I use aluminium foil as a substrate to work on for many reasons: it is cheap and readily accessible giving me the freedom to experiment with scale and form; it has great material properties – easily malleable, lightweight, reflective, and makes for a luscious surface to paint on.


The initial marks of my paintings come from drawings of pavements. I marvel at the hidden utility networks running just beneath our feet. Pavements are regularly cut up, innards operated on, removed, installed, replaced, covered, scarred. Like epic drawings, we become a part of, along with the weeds pushing through cracks, insects, excrement, and a plethora of discarded debris. But just underneath runs a phenomenal wealth of energy, water, and broadband networks.


I love working on a large scale with my whole body involved in moving paint around the surface. I work on the floor, using brushes, sponges, rags, and rubber gloves, stretching to the edge of my reach marks become less controlled and teeter out. Working with the heel of my gloved hand I slide and slip on the surface, creating heavy high energy marks as my weight bears down on the foil, areas of the hard floor just below become imprinted on the surface.


I move around a lot while painting, responding to colour, shapes, marks, and music.

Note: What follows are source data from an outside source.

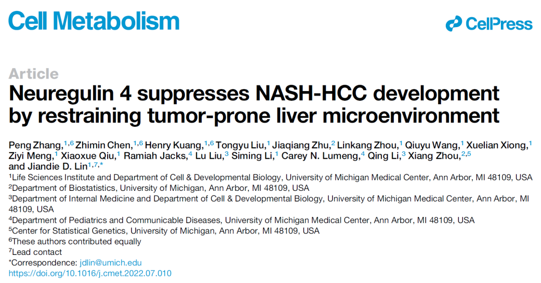 2022年8月15日,密歇根大學(xué)醫(yī)學(xué)中心林建諜教授團(tuán)隊在 Cell 子刊 Cell Metabolism 上發(fā)表了題為:Neuregulin 4 suppresses NASH-HCC development by restraining tumor-prone liver microenvironment 的研究論文。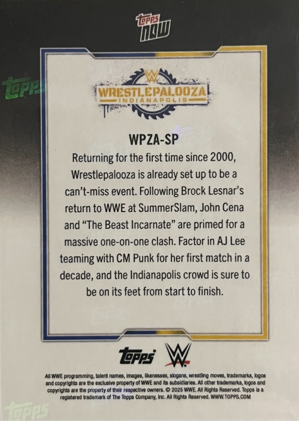 WWE TOPPS NOW 2025 – WRESTLEPALOOZA INDIANAPOLIS – CENA / LESNAR #WPZA-SP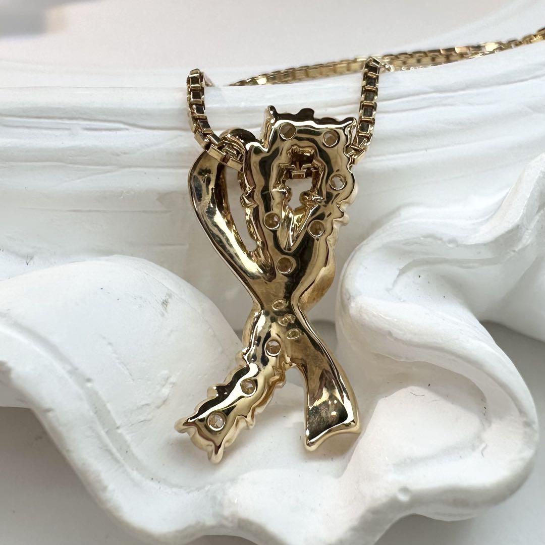 華やかで上品なデザインのK18イエローゴールド製ダイヤモンドネックレスです。立体的に流れるようなリボン&ハートモチーフに、合計0.50ctの上質なダイヤモンドが贅沢にセッティングされています。ダイヤモンドは透明感があり、キラキラと美しい輝きを放ちます。ゴールドの温かみとダイヤの煌めきが絶妙にマッチし、胸元を華やかに演出してくれる逸品です。普段使いはもちろん、特別な日のお出かけやギフトにも最適です。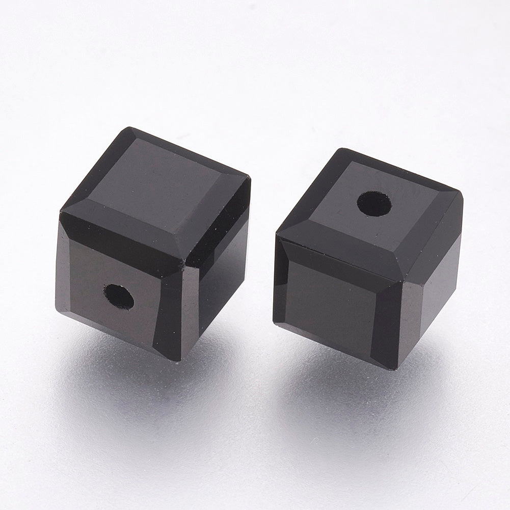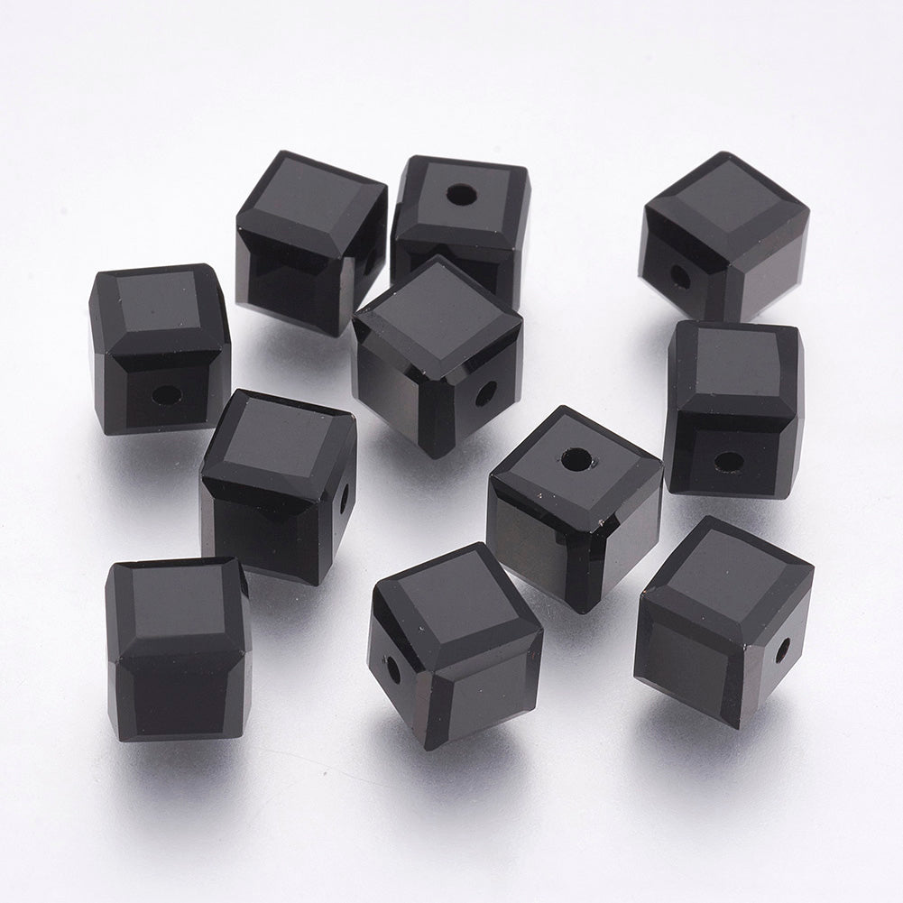 K9 Glass Cube Beads 8mm Jet Black 10/pk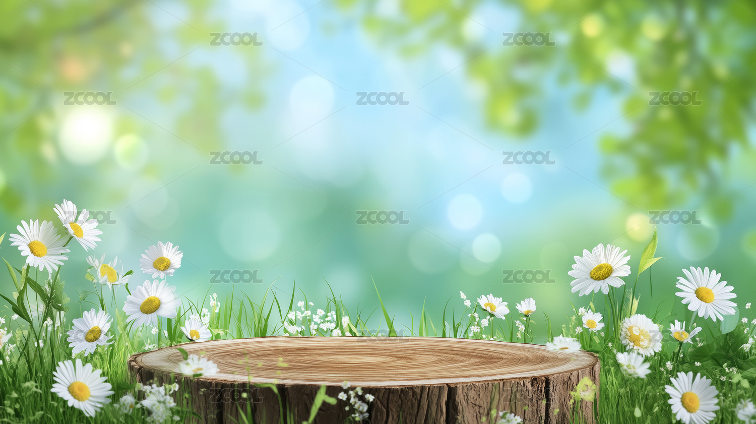 草地花朵天空树木木质底座产品展台背景
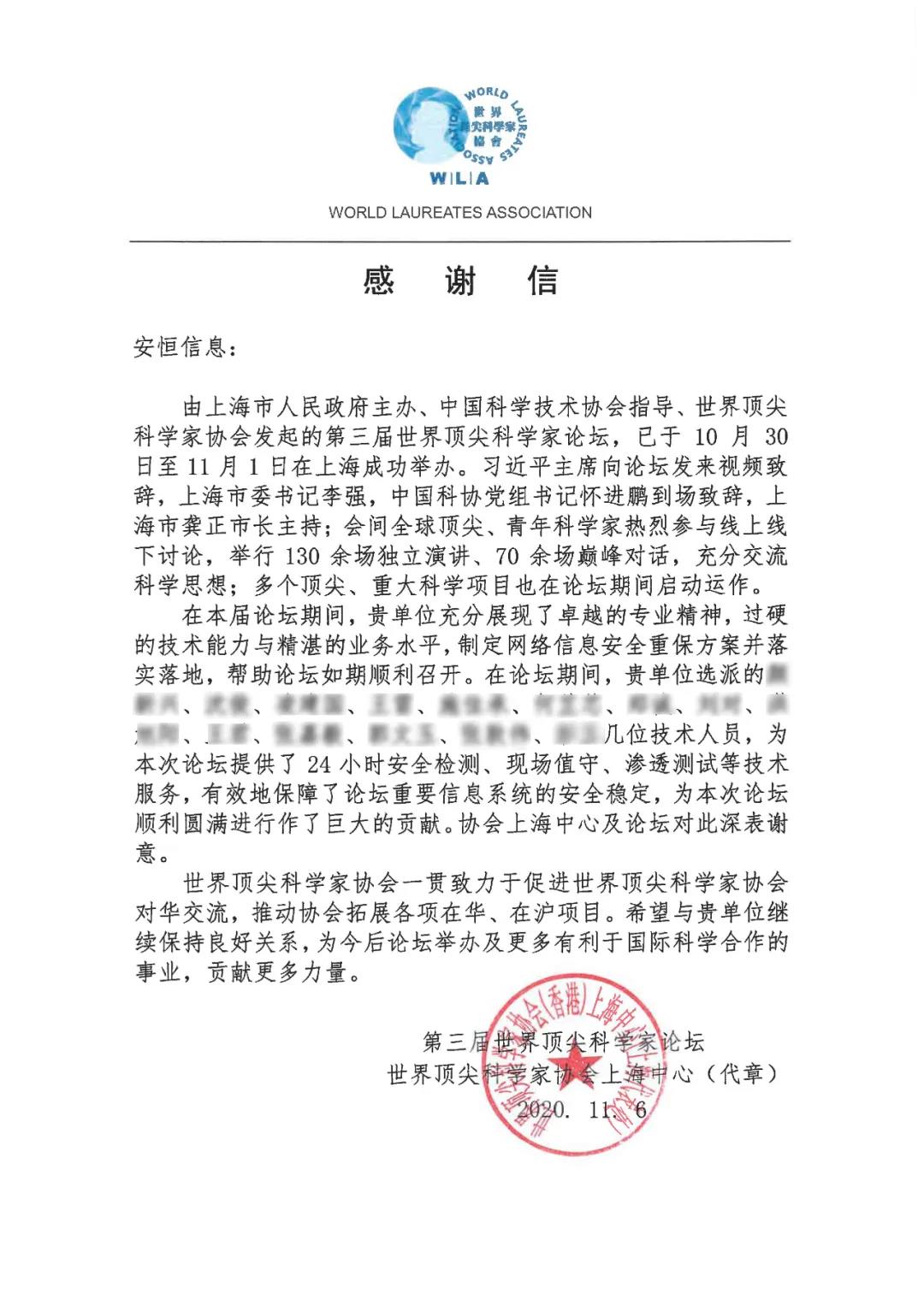 世界顶尖科学家论坛发来感谢信,点赞安恒人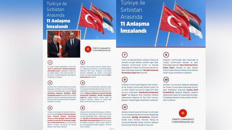 Türkiye ile Sırbistan arasında gerçekleştirilen görüşmeler sonucunda toplamda 11 önemli anlaşmanın imzalandığı duyuruldu. İletişim Başkanlığı’nın sosyal medya hesabından yapılan açıklamaya göre, bu anlaşmalar, iki ülke arasındaki işbirliğini artırmayı hedefliyor.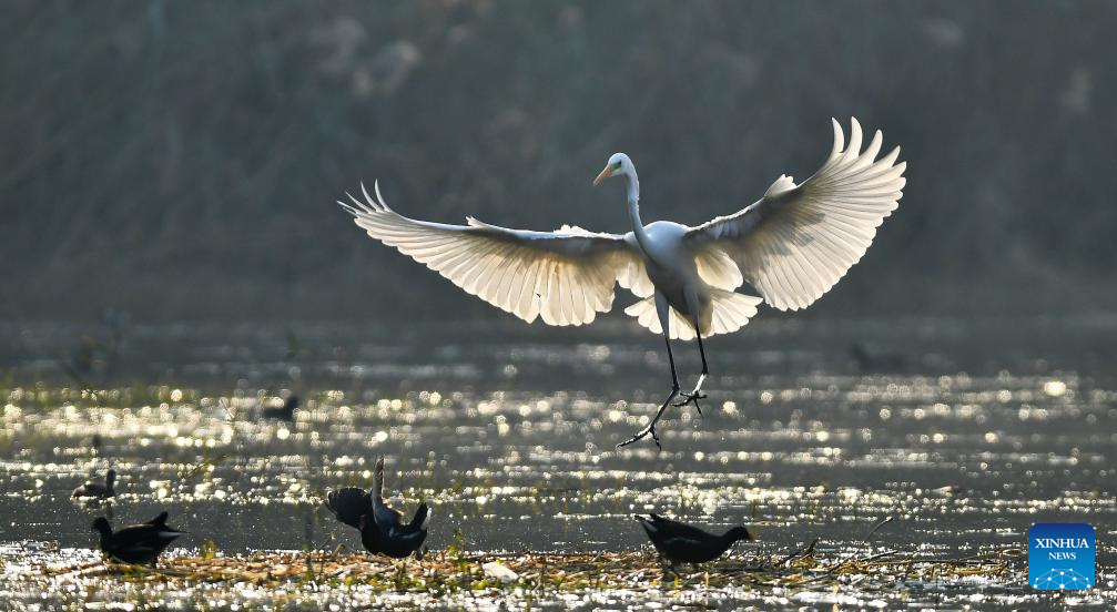 An egret flies over a river in Tengzhou City, east China's Shandong Province, Dec. 5, 2023. (Photo by Li Zhijun/Xinhua)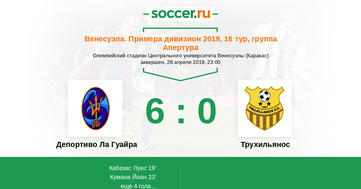 | Депортиво Ла Гуайра | 36:25 | 17:12 | 19:13 |

There is not a set orientation. I flip the painting over and smooth it down to work on the other side, building up layers and creating a high-speed patina as a document of the process.


For the repose series, I hold the dried painting over my head, and let it flop over me. Jump, dance, move around, shedding the urge to be precious yet keeping a level of care. I crouch down, let the painting settle over me, and crawl out and leaving the form to hold itself with the folds formed from my action.

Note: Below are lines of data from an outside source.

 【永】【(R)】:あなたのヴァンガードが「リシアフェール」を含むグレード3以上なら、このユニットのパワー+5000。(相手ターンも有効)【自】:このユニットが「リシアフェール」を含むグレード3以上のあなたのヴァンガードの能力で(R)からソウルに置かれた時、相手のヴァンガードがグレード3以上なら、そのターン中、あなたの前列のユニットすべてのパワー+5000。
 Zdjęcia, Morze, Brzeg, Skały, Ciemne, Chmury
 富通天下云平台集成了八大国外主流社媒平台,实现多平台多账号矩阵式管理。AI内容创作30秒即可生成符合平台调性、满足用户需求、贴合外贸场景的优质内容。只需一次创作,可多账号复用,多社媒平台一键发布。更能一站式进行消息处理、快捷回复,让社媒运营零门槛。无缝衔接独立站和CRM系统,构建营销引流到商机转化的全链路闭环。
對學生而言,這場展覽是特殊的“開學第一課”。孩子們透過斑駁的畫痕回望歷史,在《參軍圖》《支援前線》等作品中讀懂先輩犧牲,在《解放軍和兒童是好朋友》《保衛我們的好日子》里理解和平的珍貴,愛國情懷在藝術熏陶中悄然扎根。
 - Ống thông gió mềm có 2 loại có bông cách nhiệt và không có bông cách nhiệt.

I am fascinated by 2D becoming a 3D form and composition, with each side of the painting revealed. These forms are temporal and unique, each existence derived from my actions and the material surface gradually creasing into entropy.

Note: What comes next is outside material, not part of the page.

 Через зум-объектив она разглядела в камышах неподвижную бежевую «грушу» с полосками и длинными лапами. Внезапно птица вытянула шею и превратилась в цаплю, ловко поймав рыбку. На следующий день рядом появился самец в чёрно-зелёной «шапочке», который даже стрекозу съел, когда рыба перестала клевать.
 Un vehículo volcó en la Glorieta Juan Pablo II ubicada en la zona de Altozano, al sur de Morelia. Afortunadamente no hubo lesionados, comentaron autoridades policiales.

I struggle with the complexity of the late capitalist age we live in. I feel the confusion and contradictions can lead to impotence. Yet, this is interesting to work within itself, for example, I have a conflict between the desire to make something beautiful and repulsion by notions of 'good taste' – as a signifier of obedience to the system and oppression of creative progress. There is a place for politics and joy to meet up and this is what I'm aiming for.


My colours are often bright, and bold, and the nature of the foil surface means their appearance is constantly changing due to reflections, multiple crease shadows, and the un-archival nature of foil gradually affecting the paint.


My paintings are defiantly never finished; in an ever-adapting status of iterations, vulnerable in the time they have yet strong, open, and active in creating the possibilities of their future. I see them as a portrait of my present self, intentionally pausing and absorbing information using all my strength to remain calm while processing the events happening in the world around us. Slowly building confidence, figuring out how not to be passive.




My works have varying speeds of entropic timelines, with particular points of their existence publically showing themselves in various altered states. There’s often a proud vulnerability in these moments as works reveal their aging cracks, tears, creases, and cuts. My work is a lot to do with the messy complications, and joy, of being fleetingly alive as much as it is to do with the mysteries of death and using the process of making to somehow connect way back to the language of our primal expressions.


My practice has been long influenced by the 1960's Italian movement Arte Povera for its liberating use of materials and processes away from the conditioned restraints of traditional art; the Japanese notion of Wabi-Sabi which acknowledges enigmatic beauty in the unfinished, imperfection, and impermanence; and her absolute belief in the importance of the freedom of learning through play.


Much of my resource material is taken from the radius which regularly surrounds me, often making drawings, photographs, or notes of typically human-made/built things – with human touched and weather aged patina all over it. Colours also come from all over, I love the outside environment, both natural and man-made. Flowers, leaves, bricks, railings, and digital input always offer great inspiration for colours, as well as being endlessly captivated with how light dramatically changes the appearance of colour.


As I get older I am learning to be more open to compartments of my life touching each other, as I notice the cross-pollination of previously considered disparate learnings are very helpful in improving my thinking, skills and abilities.


For over 20 years I have worked in the graphic design industry, initially training as a packaging artworker (technical production) and more recently building confidence with my graphic design and illustration skills working on animations and social media graphics. 


I have two children and my husband and I have opted for a gentle parenting approach, which requires constant nurture, evaluation, and adaption. I have taken free parenting courses to enhance this approach.


I have been researching playwork for many years and continue to do so. Recently learning about approaches to how parks play facilities can be improved to cover all children age groups.


I am involved in local politics as an Independent Town Councillor and on the committees for local environmental groups, about to embark on a community lead project to improve our local park. I have a lot to learn but am loving meeting our local politicians, residents, and activists who are opening up a whole different view of where I live and how it can be improved.


My key focus is to build up more engagement with local democracy getting us all to use whatever agency we have to work collectively for positive action which will make a better future from grassroots up rather than top-down.